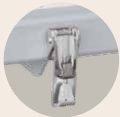
Adjustable, large quick-release fasteners
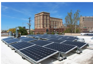
The Flicks installed 96 solar panels on its roof.

expected. Twenty-five percent of the power used by The Flicks is generated by the solar panels.
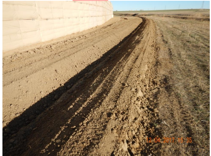
Photo 4. Photo taken from the southern location of the east pad, facing East. See comments under Photo 2.
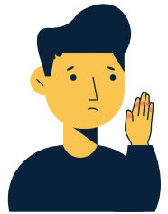
Red, purple or blueish lesions (spots) on the feet, toes or fingers without clear cause

If yes, stay home and contact 811 to be screened for testing for COVID-19.
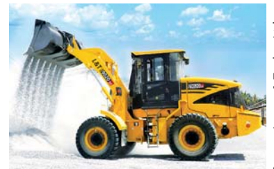
L&T 9020sx - designed and developed by in house R&D

Komatsu has showcased its entire range of construction segment machines at the exhibition, namely, Komatsu Hydraulic Excavators models PC71, PC130, PC210, PC300, PC450 and D85 Crawler Dozer. The highlight is the first-time display of Komatsu GD535 Motor Grader with world-class features such as Komtrax machine tracking system, and PC350 Hydraulic Excavator with reinforced structures. These machines carry the hallmark of cutting-edge Japanese technology and have been very well accepted in the Indian market. PC210 Super Long Front machine is also on display along with PC71 Tunnel and PC130 Quarry variants. L&T extends complete after-sales service solutions to the wide range of Komatsu excavators for various segments and applications. L&T has put up an impressive display of its entire range of road machinery such as L&T 1190 Soil Compactor, L&T 990 Tandem Compactor, L&T 491 Mini Compactor and L&T 9020sx Wheel Loader. L&T 2490 Pneumatic Tyred Handler, L&T S315R Skid Steer Loader and L&T 5590H Hydraulic Paver will be laun-
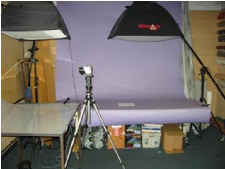
The Photo lab
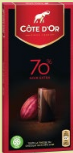
Dark (70% cocoa) CD16755
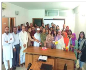
Annual Feast Celebration
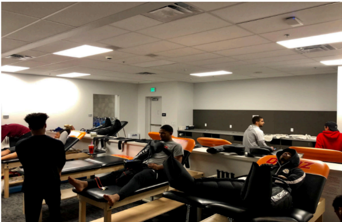
Athletic Trainers Room
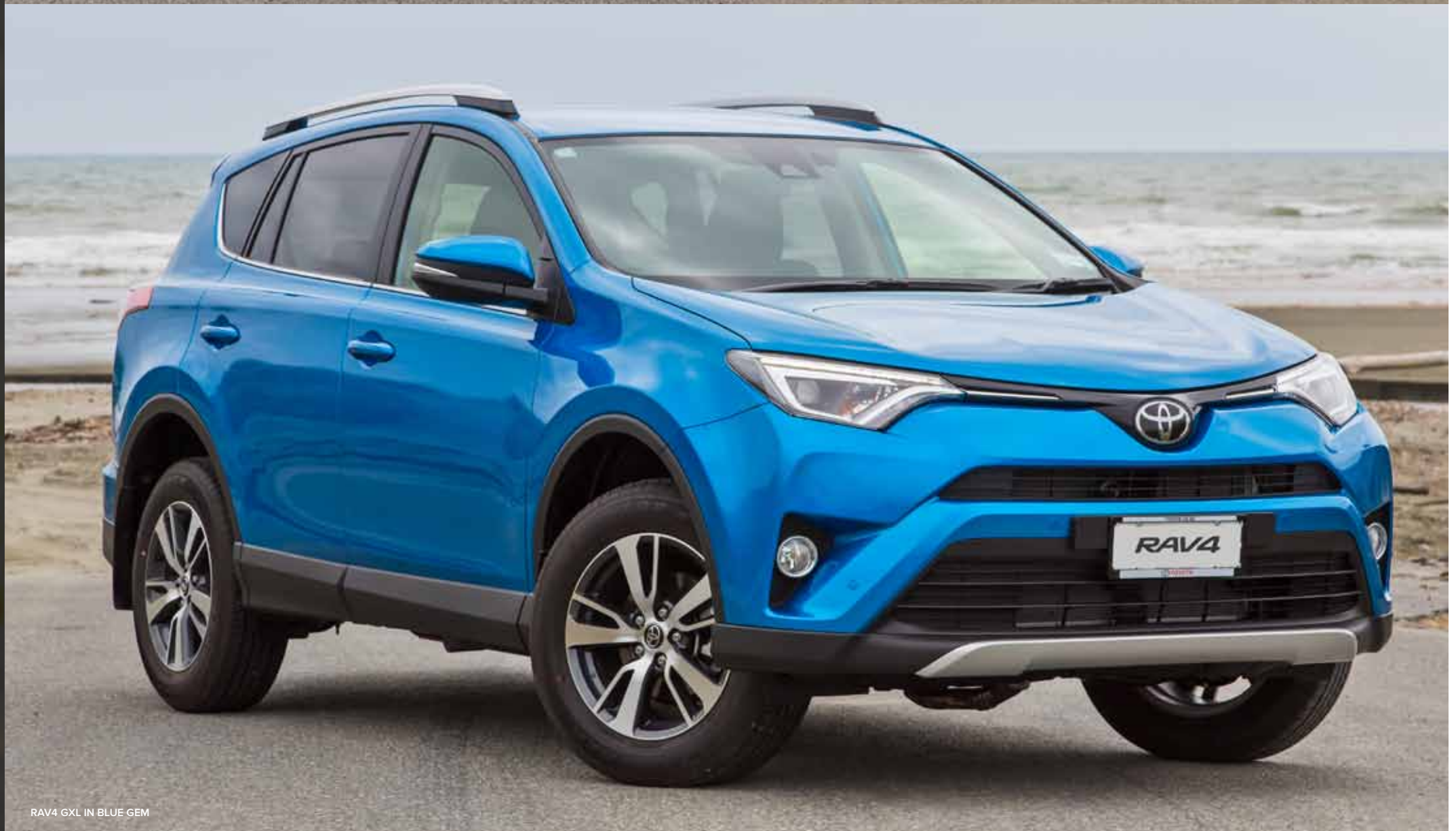
RAV4 GXL IN BLUE GEM
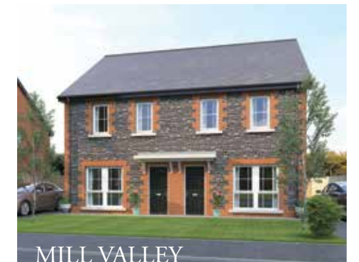
MILL VALLEY Belfast
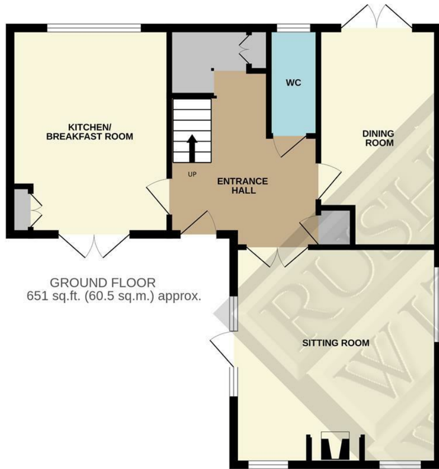
GROUND FLOOR 651 sq.ft. (60.5 sq.m.) approx.
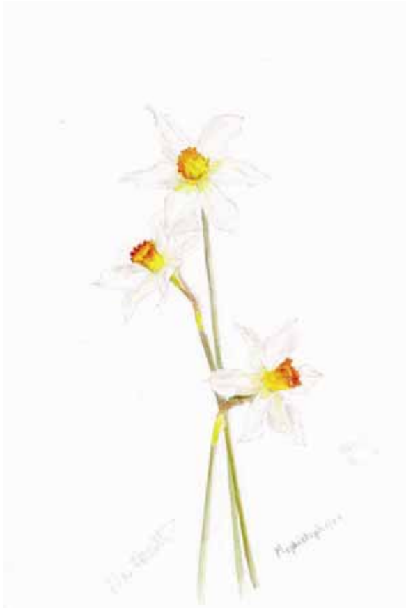
Fig8 Mephistopheles by Nan Heath

Botanical paintings are also much prized to chart the history of the daffodil. Many of these are very stiff and formal as befits the style of a precise record of a specimen. However there is a set of 16 cards painted by artist Nan Heath of the Scilly Isles that is more freely drawn that deserves special mention. Nan Heath (1922-1995) sketched and painted daffodil varieties that grew on the Isles of Scilly carefully recording the name of the variety and reproducing some of their special characteristics of colour, form, texture, size and stem., probably drawn in the field without thought of future publication as a lovingly recorded and useful record for identifying daffodils.
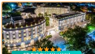
Silk Path Grand Hue Hotel

Hue features a wide selection of luxurious 4- and 5-star hotels that harmoniously blend traditional charm with modern comfort. Many are located along the Perfume River and in the city center, showcasing the imperial heritage and refined hospitality that define Hue.
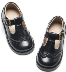
Leather Dress Shoes/Ankle Boots Brown or Black
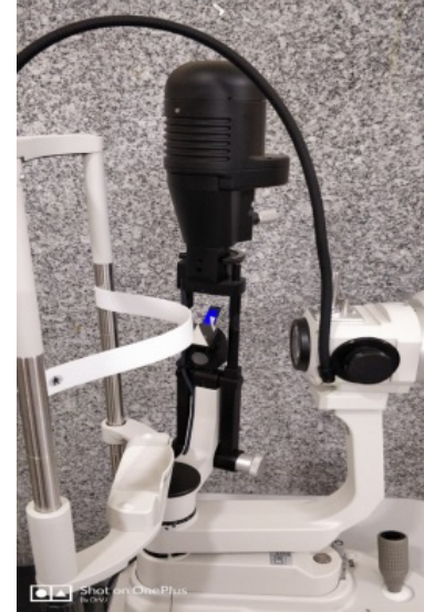
Figure 1: Slit lamp used for assessment of epithelial defect with cobalt blue filter.

complaints like ocular watering, irritation and discomfort and were diagnosed here as persistent epithelial defect under slit lamp after staining with fluorescein strip under cobalt blue filter (Figure 1).
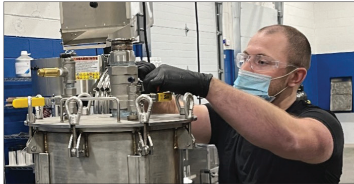
Solvus Global in Leominster.

training program to improve and support the manufacturing industry in the region. "We want to bring the region back to its industrial roots," added Kelly. "We foresee the nucleus of additive manufacturing forming right here in New England. The truth is manufacturing overall is becoming increasingly important to local economies because it offers a lot of growth potential to the region's workforce and that will cultivate a surge in job creation and economic turnaround."
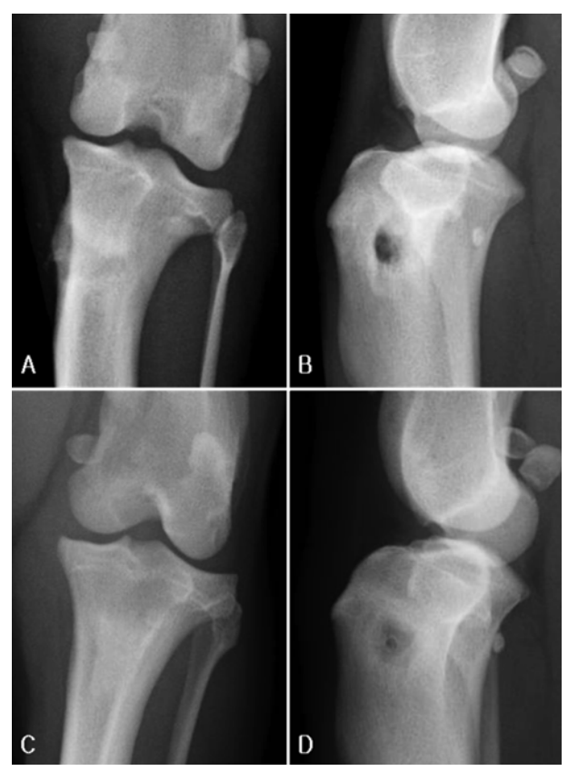
Fig 1. Craniocaudal (A) and lateral (B) radiographs of the left stifle joint show a geographic focal lucency surrounded by sclerosed margin in medial aspect of proximal tibial metaphysis. Craniocaudal (C) and lateral (D) radiographs at 37 days follow-up show partial filling up of the lesion.

placement of left patella and joint effusion were identified. On ultrasonographic examination, cortical disruption was clearly identified. A large, echoic wedge-shaped area was
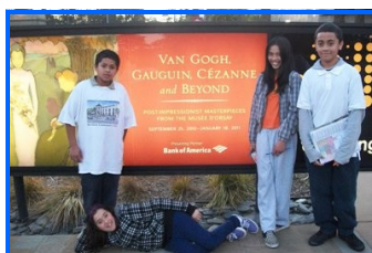
Members visited the DeYoung Museum & Van Gogh Exhibit

Over 400 youth attend both our DeLue & San Mateo Clubhouses daily. Here are a few highlights:
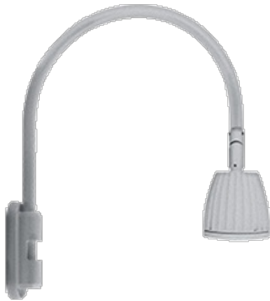
13 & 26 Watt No Shade LED Gooseneck Luminaire designed to match the architecture of Main Street storefronts and building perimeters. LED Gooseneck No Shade with Pole 20" High, 19" from Pole Goose Arm Style 5.
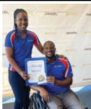
BEST HOUSE CLEANING SERVICE FAIREST CLEANING & RESTORATION
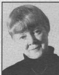
Barbara G. Walker

The Sixteenth Annual Women and Spirituality Conference will be held at Mankato State University on Saturday & Sunday, October 4 and 5, 1997. Our Keynote Speaker is Barbara G. Walker .
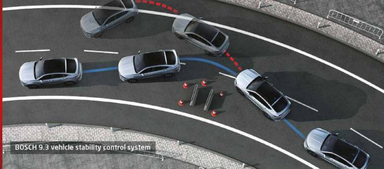
BOSCH 9.3 vehicle stability control system
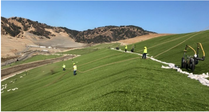
Installation crew spraying infill sand into the newly installed closure turf.

engineering technician onsite full-time for the duration of the project. Prior to geomembrane deployment, the Geosyntec CQA technician observed and documented subgrade preparation and performed nuclear density testing to evaluate compliance with specifications requirements. During geosynthetic installation, the onsite technician confirmed material deliveries, observed geomembrane
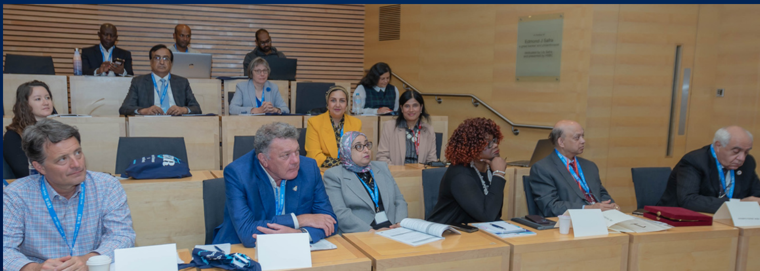
11th International Conference on the Restructuring of the Global Economy (ROGE) 2022

UNIVERSITY OF OXFORD, SAID BUSINESS SCHOOL, PARK END STREET, OXFORD OX1 1HP
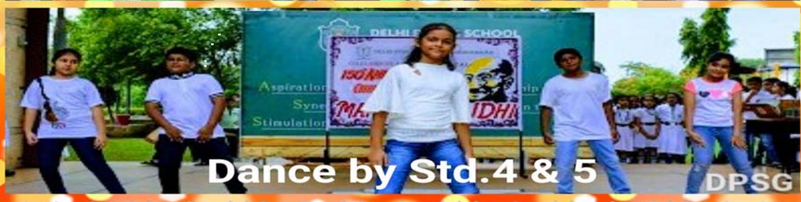
Dance by Std.4 & 5
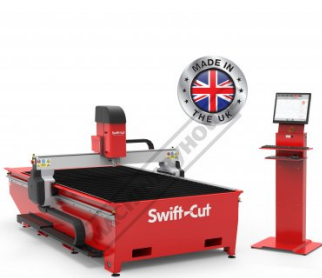
Pro 2.5m Made In UK
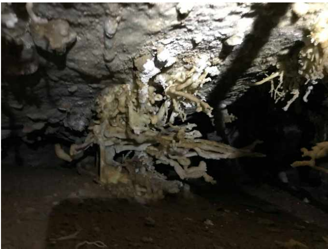
Hercules in Scott Hollow
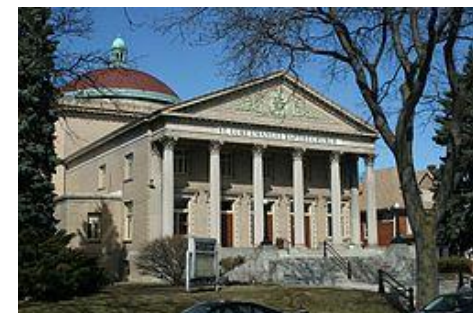
C. 2 nd Church of Christ Scientist Built: 1913 Designation: National
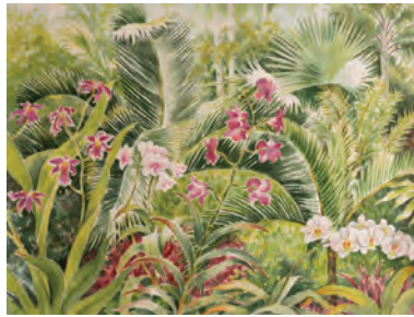
Hunte's Botanical Gardens, Barbados, 1 by Judith Croft watercolour 12" x 15"

Each of these four watercolours is less than £400
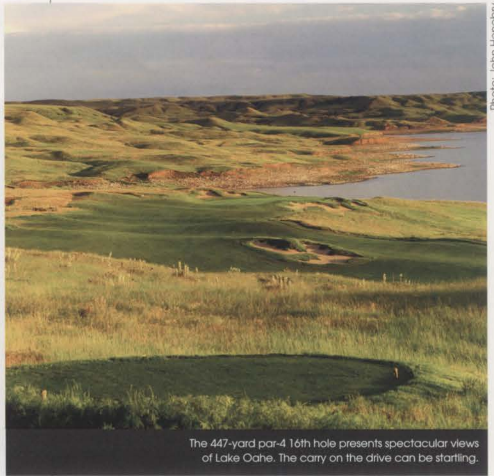
The 447-yard par-4 16th hole presents spectacular views of Lake Oahe. The carry on the drive can be startling.

Whether the developer needs to do the major pre-planning for design-build depends on the client, Kubly adds. "Many clients need to know the absolute cost. But for Sutton Bay we had a very good idea. We budgeted everything. We always had a
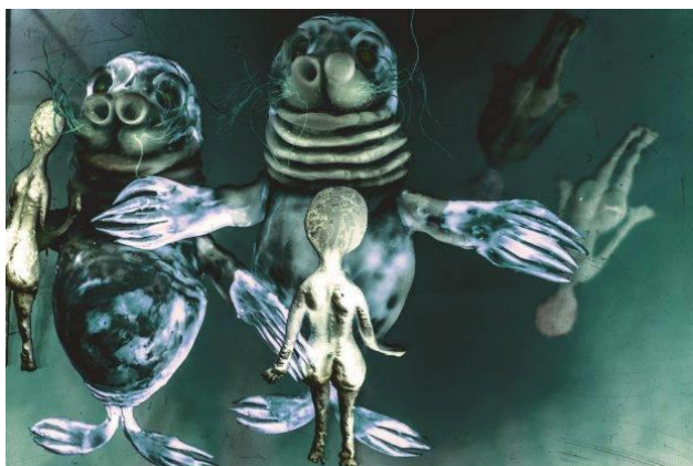
Lithuanian Sea Museum

The events were followed by the programme of the Long Night of Museums, during which a film on the harbour porpoise by director Vytautas Jankevičius was premiered. The evening finished with the performance of Linas Švirinas “Grock” studio together with the dolphins called “The wave of clean music”.
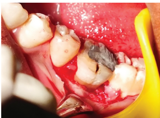
Fig. 5: Flap reflection with 36
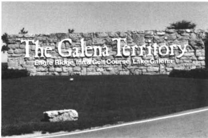
Site of the Joint Association Meeting May 19, 1986
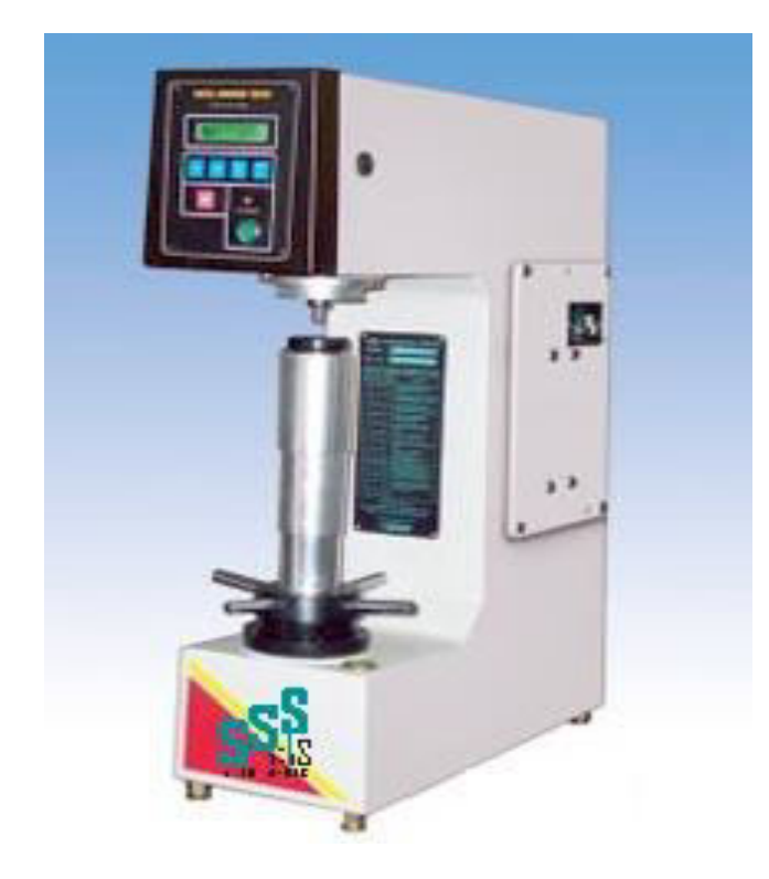
Fig.9 Rockwell Hardness Tester

Rockwell hardness testing is a general method for measuring the bulk hardness of metallic and polymer materials. Although hardness testing does not give a direct measurement of any performance properties, hardness of a material correlates directly with its strength, wear resistance, and other properties. Hardness testing is widely used for material evaluation because of its simplicity and low cost relative to direct measurement of many properties. Specifically, conversion charts from Rockwell hardness to tensile strength are available for some structural alloys, including steel and aluminum.Rockwell hardness testing which is as shown in fig.9 is an indentation testing method. The indenter is either a conical diamond (brale) or a hard steel ball. Different indenter ball diameters from 1/16 to 1/2 in. are used depending on the test scale. To start the test, the indenter is "set" into the sample at a prescribed minor load. A major load is then applied and held for a set time period. The force on the indenter is then decreased back to the minor load. The Rockwell hardness number is calculated from the depth of permanent deformation of the indenter into the sample, i.e. the difference in indenter position before and after application of the major load. The minor and major loads can be applied using dead weights or springs. The indenter position is measured using an analog dial indicator or an electronic device with digital readout.
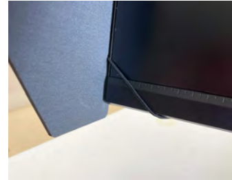
Image 5 The elastic cord should hold the hood tightly against the monitor
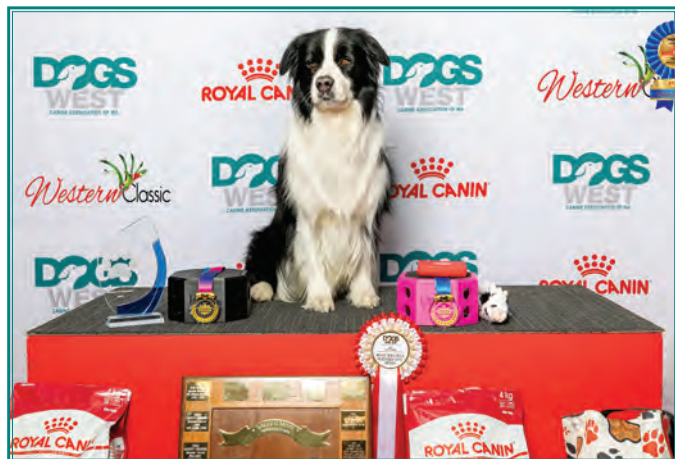
Intermediate FS GR CH HTM GR CH O GR CH R GR CH NOBLESTARZZ CHASE THE ACE
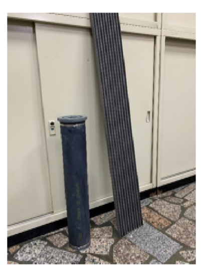
left: Air diffuser; Right: Insert track
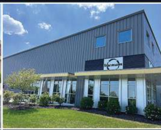
Grand Rapids, MI
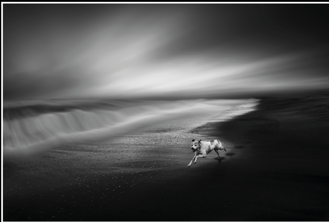
Sanjska dežela 14 / Oniric desires 14

○ ○ ○ ○ ○ ○ ○

### Action item
Scan the entries above for the word "Grand" and collect each line holding it.

### Solution for this task
Silk Path Grand Hue Hotel
Grand Rapids, MI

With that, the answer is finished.